Ingredients:
• 2 – Onions peeled and quartered
• 2 inch piece – ginger, finely chopped
• 2 – Garlic cloves, peeled
• 2-3 tbsp – mild or medium curry paste
• 4 tbsp – water
• 1.5 pounds – Potatoes
• Vegetable oil for deep frying
• 3 tbsp – vegetable Ghee or oil
• 2/3 cup – plain yogurt
• 2/3 cup – heavy Cream
• 3 tbsp – chopped fresh Mint
• Salt and freshly ground black pepper
• 1/2 bunch scallions (trimmed and chopped)
Method:
- Place onions, ginger, garlic, curry paste, and water in a blender or food processor.

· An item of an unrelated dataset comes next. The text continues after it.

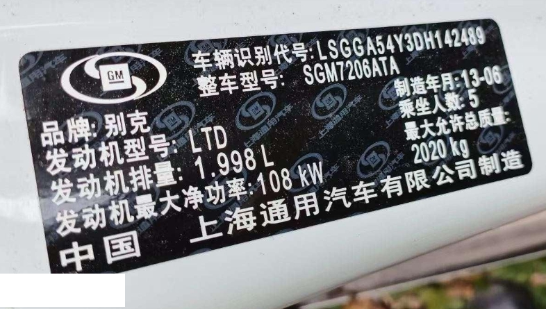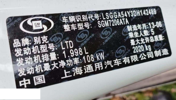 初次登记日期 2013-06-13 车辆名称 别克 君威

- Process until smooth, scraping down the sides of machine and blending again, if necessary.
- Cut potatoes into quarter in size and pat dry with paper towels.
- Heat oil in deep fat fryer to 350 F and fry the potatoes, in batches, for about 5 minutes or until golden brown.
- Remove from the pan and drain on paper towels.
- Heat ghee or oil in a large skillet, add curry and onion mixture.
- Fry gently for 2 minutes and keep stirring all the time.
- Add yogurt, cream, 2 tbsp of mint and mix well.
- Add fried potatoes and stir until coated in the sauce.
- Cook for a further 5-7 minutes or until heated.
- The sauce thickens by stirring frequently.
- Season with salt and pepper to taste.
- Sprinkle remaining mint and sliced scallions. Serve immediately.